** WHAT THE TASK REQUIRES **
Go to the line with "Die Installation „Inneres" in the records below, then output it and each following line exactly, up to and including the line with "Spoon marshmallow creme". Skip pictures and add nothing.

** RECORDS FOR THE TASK **

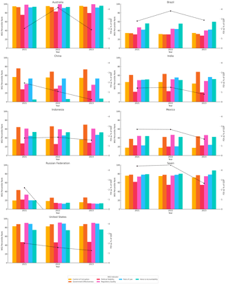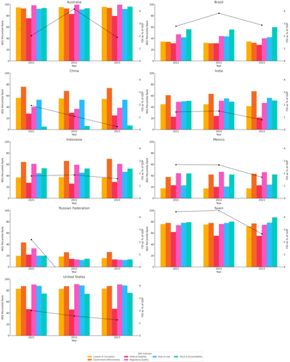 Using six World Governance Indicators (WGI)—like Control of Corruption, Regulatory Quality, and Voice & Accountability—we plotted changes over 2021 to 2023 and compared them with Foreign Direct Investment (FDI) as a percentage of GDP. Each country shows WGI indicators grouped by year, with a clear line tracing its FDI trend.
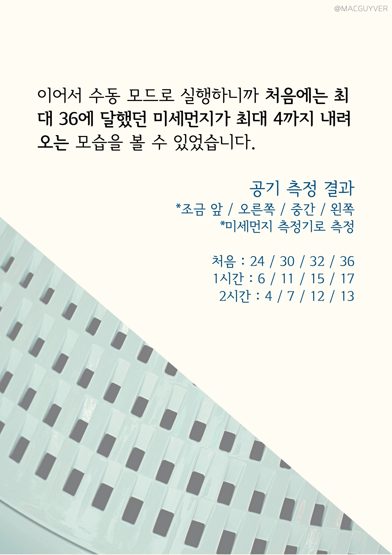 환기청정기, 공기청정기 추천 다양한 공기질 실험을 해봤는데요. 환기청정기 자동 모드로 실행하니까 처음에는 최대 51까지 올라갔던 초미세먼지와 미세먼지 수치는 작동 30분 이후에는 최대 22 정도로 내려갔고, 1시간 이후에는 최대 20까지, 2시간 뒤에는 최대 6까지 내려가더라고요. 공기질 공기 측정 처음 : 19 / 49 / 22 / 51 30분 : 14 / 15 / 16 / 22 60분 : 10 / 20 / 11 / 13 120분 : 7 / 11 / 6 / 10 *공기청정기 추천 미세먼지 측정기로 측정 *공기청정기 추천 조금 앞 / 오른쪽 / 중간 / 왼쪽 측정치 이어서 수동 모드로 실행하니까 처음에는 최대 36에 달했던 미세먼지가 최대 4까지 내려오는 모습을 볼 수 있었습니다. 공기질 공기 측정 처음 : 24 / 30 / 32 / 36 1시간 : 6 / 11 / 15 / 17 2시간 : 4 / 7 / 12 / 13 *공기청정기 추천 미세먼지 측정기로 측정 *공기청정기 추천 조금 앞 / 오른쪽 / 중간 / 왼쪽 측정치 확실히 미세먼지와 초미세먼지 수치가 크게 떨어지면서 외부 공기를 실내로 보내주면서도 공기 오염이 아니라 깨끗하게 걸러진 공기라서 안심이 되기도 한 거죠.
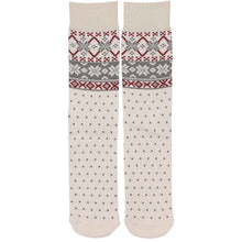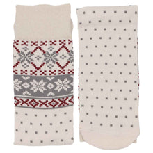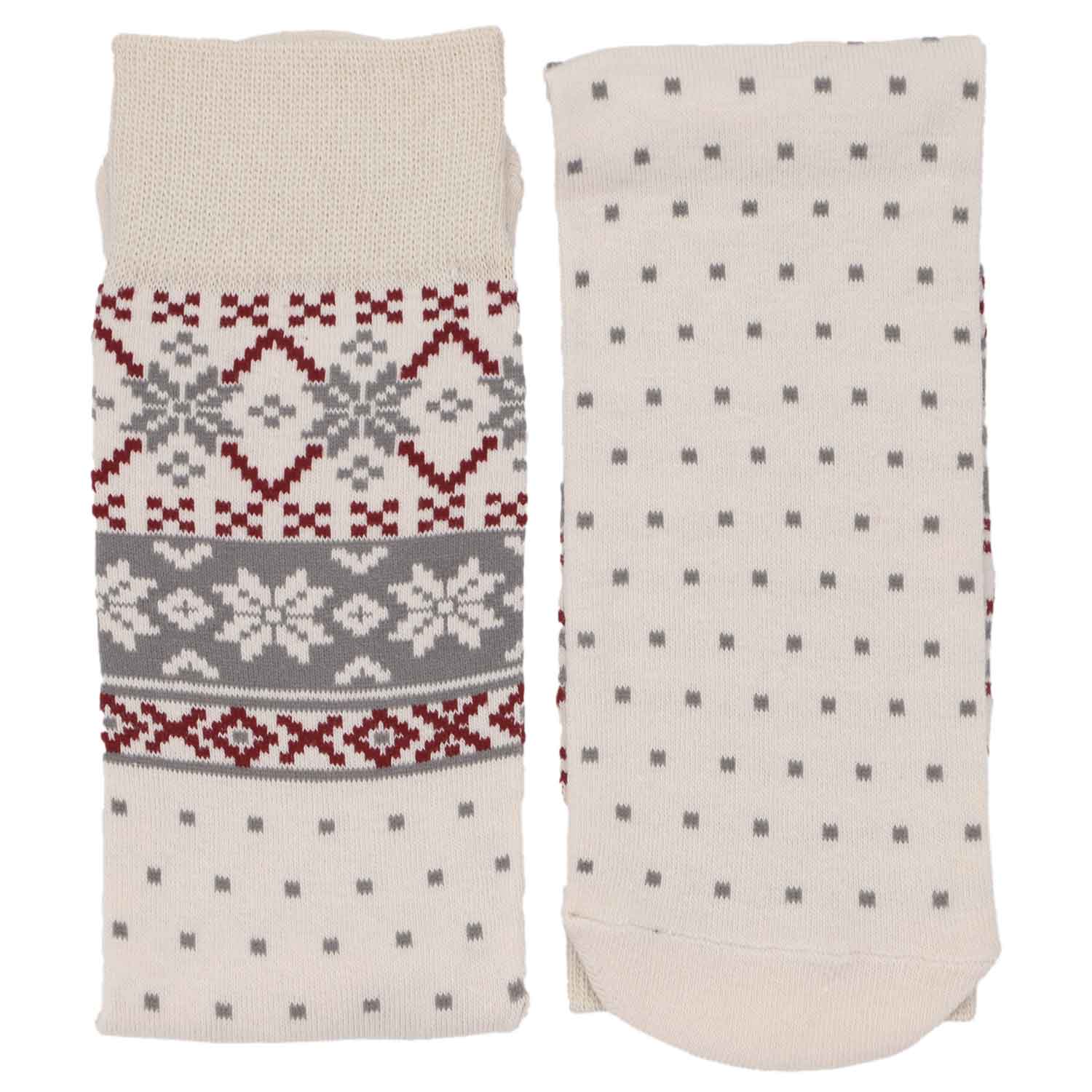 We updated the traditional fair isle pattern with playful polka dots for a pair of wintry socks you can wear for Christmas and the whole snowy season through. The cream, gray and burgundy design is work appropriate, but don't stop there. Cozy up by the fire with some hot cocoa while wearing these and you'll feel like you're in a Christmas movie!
...
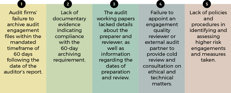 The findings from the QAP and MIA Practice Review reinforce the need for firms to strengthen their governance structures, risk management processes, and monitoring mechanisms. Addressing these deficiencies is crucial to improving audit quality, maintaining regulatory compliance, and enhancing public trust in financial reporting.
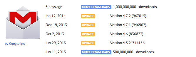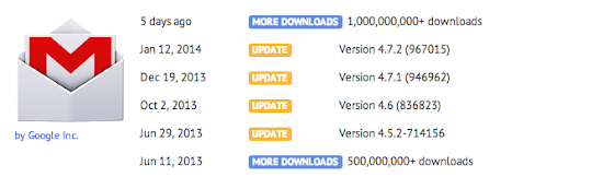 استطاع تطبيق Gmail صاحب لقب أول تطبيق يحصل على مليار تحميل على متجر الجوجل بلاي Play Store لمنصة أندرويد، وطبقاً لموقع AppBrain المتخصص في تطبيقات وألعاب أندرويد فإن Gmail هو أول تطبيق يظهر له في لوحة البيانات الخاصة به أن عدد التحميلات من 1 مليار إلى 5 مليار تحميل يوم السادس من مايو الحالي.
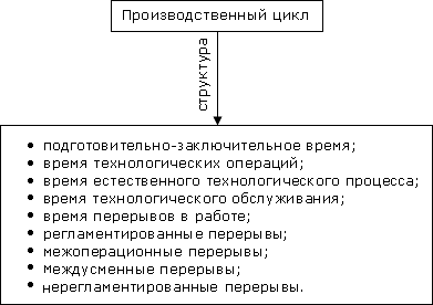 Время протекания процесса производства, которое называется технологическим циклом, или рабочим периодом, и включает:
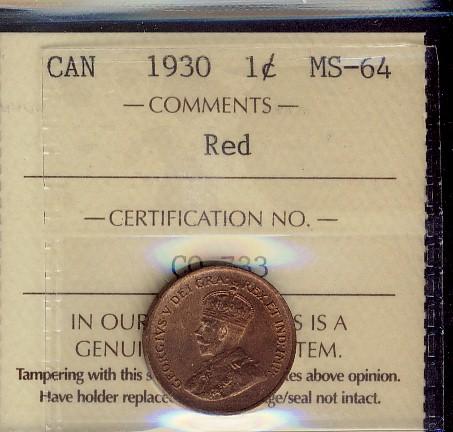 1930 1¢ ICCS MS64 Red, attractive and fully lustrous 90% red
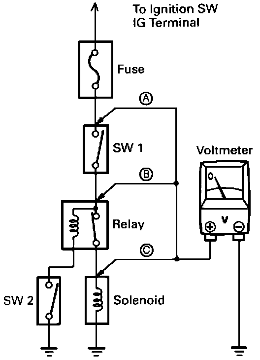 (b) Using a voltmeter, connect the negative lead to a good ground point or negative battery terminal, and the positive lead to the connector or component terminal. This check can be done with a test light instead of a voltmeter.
==
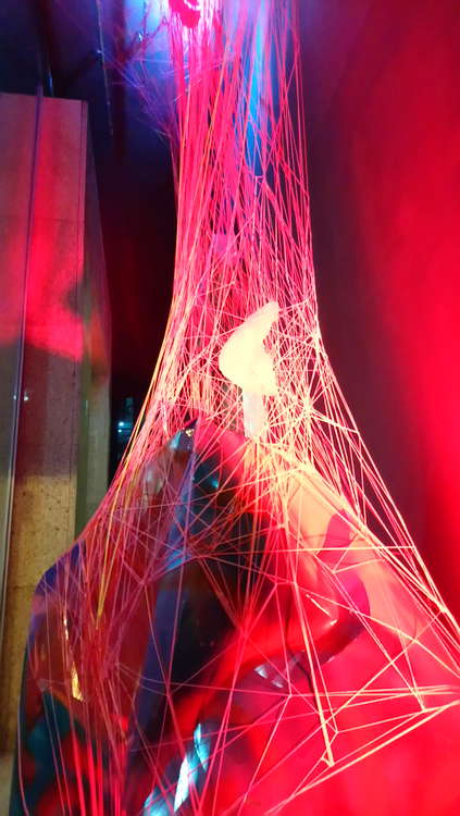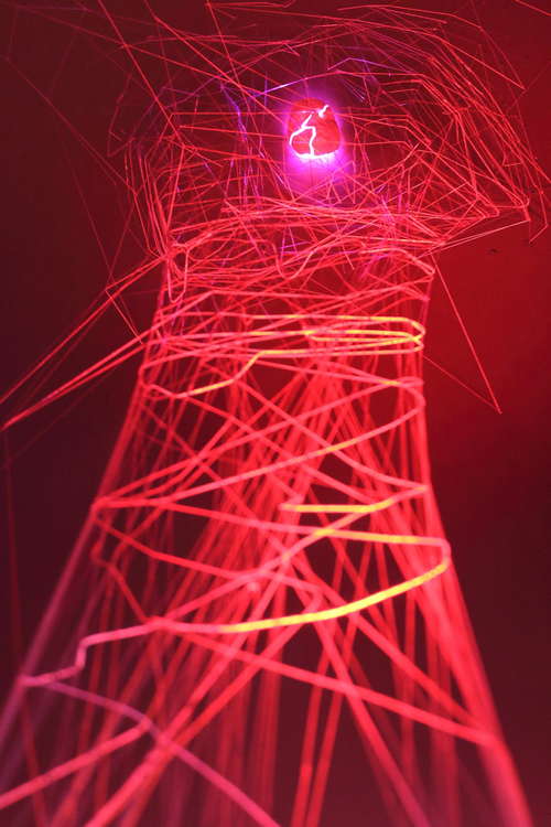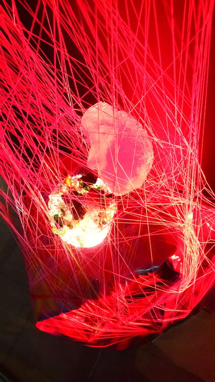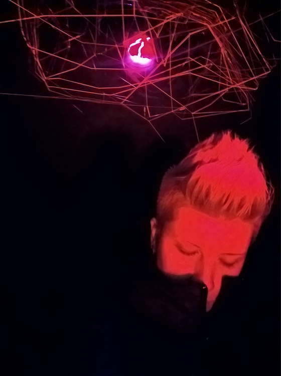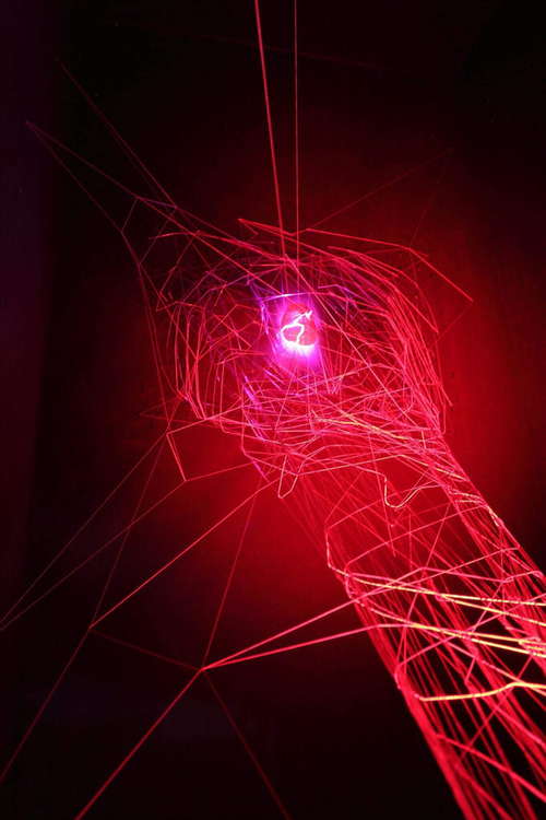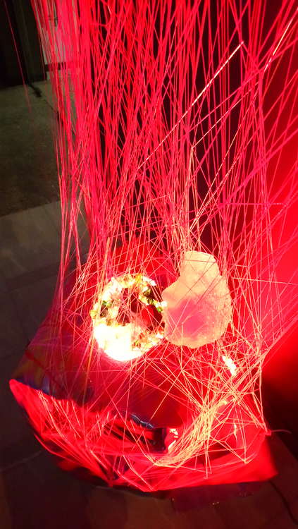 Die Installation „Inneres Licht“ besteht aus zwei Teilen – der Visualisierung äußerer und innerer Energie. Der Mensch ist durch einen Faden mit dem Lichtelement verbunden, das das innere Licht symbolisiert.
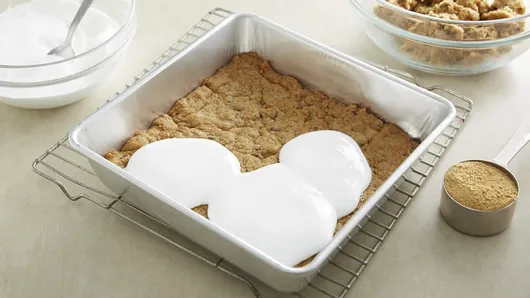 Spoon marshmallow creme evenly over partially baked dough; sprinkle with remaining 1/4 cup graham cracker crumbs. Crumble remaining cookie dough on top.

** ANSWER SECTION **
 Die Installation „Inneres Licht“ besteht aus zwei Teilen – der Visualisierung äußerer und innerer Energie. Der Mensch ist durch einen Faden mit dem Lichtelement verbunden, das das innere Licht symbolisiert.
 Spoon marshmallow creme evenly over partially baked dough; sprinkle with remaining 1/4 cup graham cracker crumbs. Crumble remaining cookie dough on top.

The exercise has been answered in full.